Segment Start: INPUT DATA
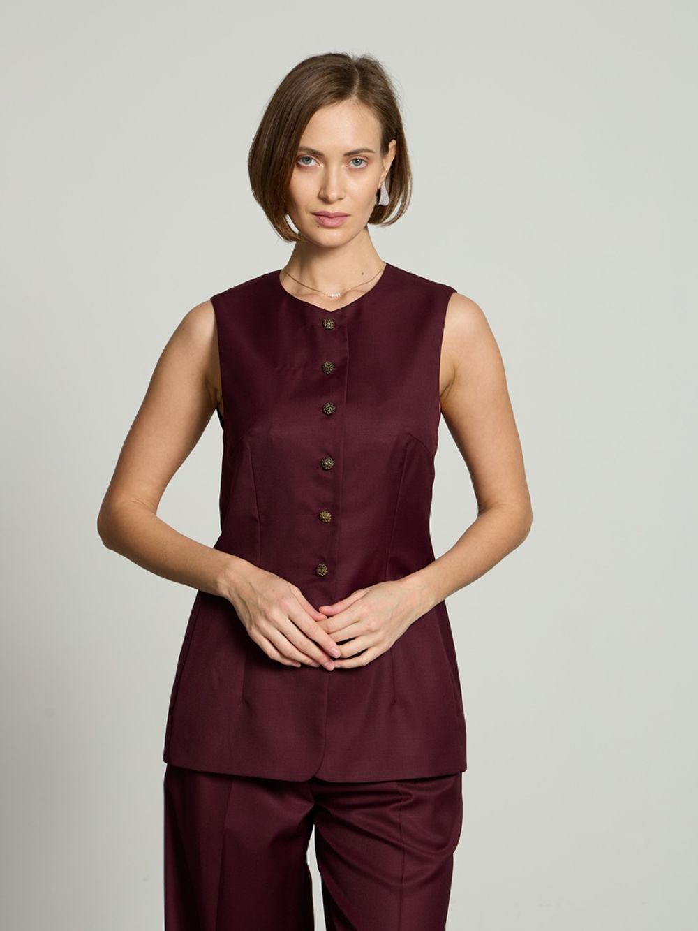 Особенно эффектно он будет выглядеть в комплекте с брюками-палаццо из той же ткани.
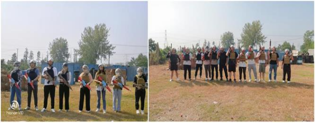 開場,伙伴們在教練的帶領下,參加了真人CS項目。穿上配套服裝,拿好道具,一個個殷姿颯爽,等待著雙方場上的英勇對決。參賽選手被分為2組,一組被分為2對。賽前,參賽選手仔細聆聽著教練的講解;賽場上隊友們相互配合,分工協作,有沖鋒的,有掩護的,時而聚在一起商量對策。
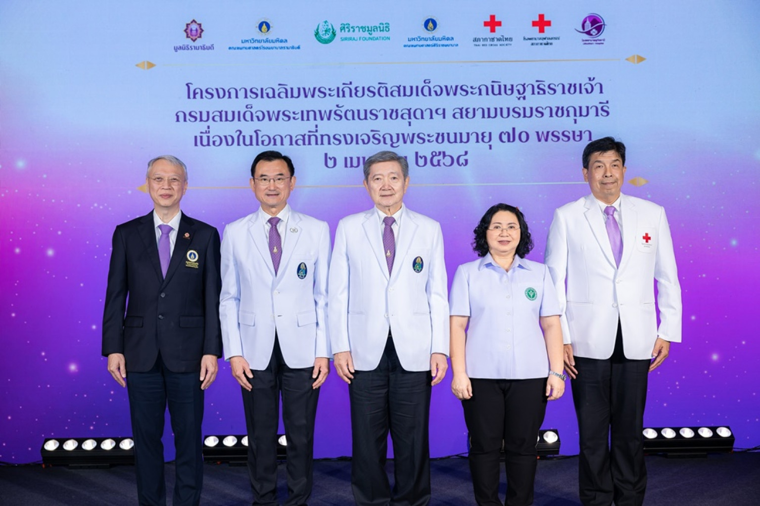 รวมพลัง…คณะแพทยศาสตร์ศิริราชพยาบาล โดยศิริราชมูลนิธิ คณะแพทยศาสตร์โรงพยาบาลรามาธิบดี โดยมูลนิธิรามาธิบดีฯ และ โรงพยาบาลจุฬาลงกรณ์ สภากาชาดไทย รวมพลังจัด “โครงการเฉลิมพระเกียรติสมเด็จพระกนิษฐาธิราชเจ้า กรมสมเด็จพระเทพรัตนราชสุดาฯ สยามบรมราชกุมารี เนื่องในโอกาสที่ทรงเจริญพระชนมายุ 70 พรรษา 2 เมษายน 2568” โดยมี ศ.คลินิกเกียรติคุณ นพ.ปิยะสกล สกลสัตยาทร ศ.นพ.อภิชาติ อัศวมงคลกุล ศ.คลินิก นพ.อาทิตย์ อังกานนท์ รศ.นพ.ฉันชาย สิทธิพันธุ์ และ พญ.ชนิญญา พัฒนศักดิ์ภิญโญ ร่วมแถลงข่าว ที่คณะแพทยศาสตร์ศิริราชพยาบาล มหาวิทยาลัยมหิดล
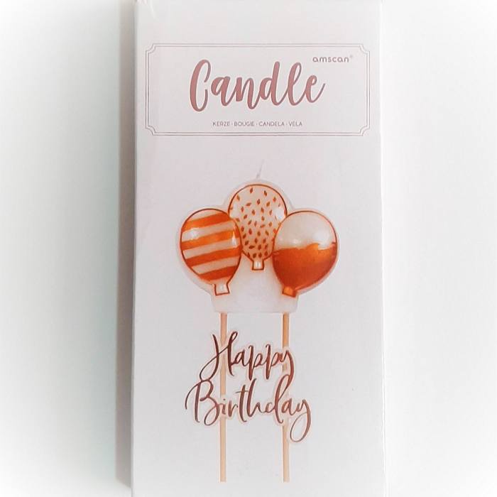 Kit de vela em rose gold com a inscrição happy Birthday. Altura: 14.5cm,
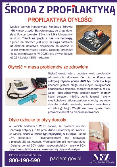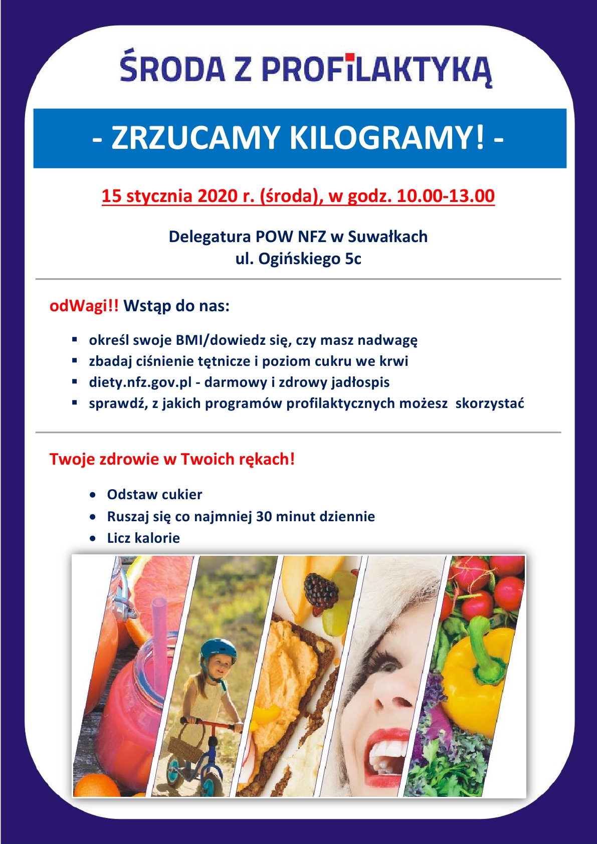 Najbliższa Środa z Profilaktyką poświęcona walce z otyłością odbędzie się w delegaturze NFZ w Suwałkach przy ul.Ogińskiego (na tyłach poczty przy Pułaskiego).
Segment End: INPUT DATA
§ **ASSIGNED TASK**: Apart from the pictures, every line above must be printed exactly.

§ **RESPONSE**:
 Особенно эффектно он будет выглядеть в комплекте с брюками-палаццо из той же ткани.
 開場,伙伴們在教練的帶領下,參加了真人CS項目。穿上配套服裝,拿好道具,一個個殷姿颯爽,等待著雙方場上的英勇對決。參賽選手被分為2組,一組被分為2對。賽前,參賽選手仔細聆聽著教練的講解;賽場上隊友們相互配合,分工協作,有沖鋒的,有掩護的,時而聚在一起商量對策。
 รวมพลัง…คณะแพทยศาสตร์ศิริราชพยาบาล โดยศิริราชมูลนิธิ คณะแพทยศาสตร์โรงพยาบาลรามาธิบดี โดยมูลนิธิรามาธิบดีฯ และ โรงพยาบาลจุฬาลงกรณ์ สภากาชาดไทย รวมพลังจัด “โครงการเฉลิมพระเกียรติสมเด็จพระกนิษฐาธิราชเจ้า กรมสมเด็จพระเทพรัตนราชสุดาฯ สยามบรมราชกุมารี เนื่องในโอกาสที่ทรงเจริญพระชนมายุ 70 พรรษา 2 เมษายน 2568” โดยมี ศ.คลินิกเกียรติคุณ นพ.ปิยะสกล สกลสัตยาทร ศ.นพ.อภิชาติ อัศวมงคลกุล ศ.คลินิก นพ.อาทิตย์ อังกานนท์ รศ.นพ.ฉันชาย สิทธิพันธุ์ และ พญ.ชนิญญา พัฒนศักดิ์ภิญโญ ร่วมแถลงข่าว ที่คณะแพทยศาสตร์ศิริราชพยาบาล มหาวิทยาลัยมหิดล
 Kit de vela em rose gold com a inscrição happy Birthday. Altura: 14.5cm,
 Najbliższa Środa z Profilaktyką poświęcona walce z otyłością odbędzie się w delegaturze NFZ w Suwałkach przy ul.Ogińskiego (na tyłach poczty przy Pułaskiego).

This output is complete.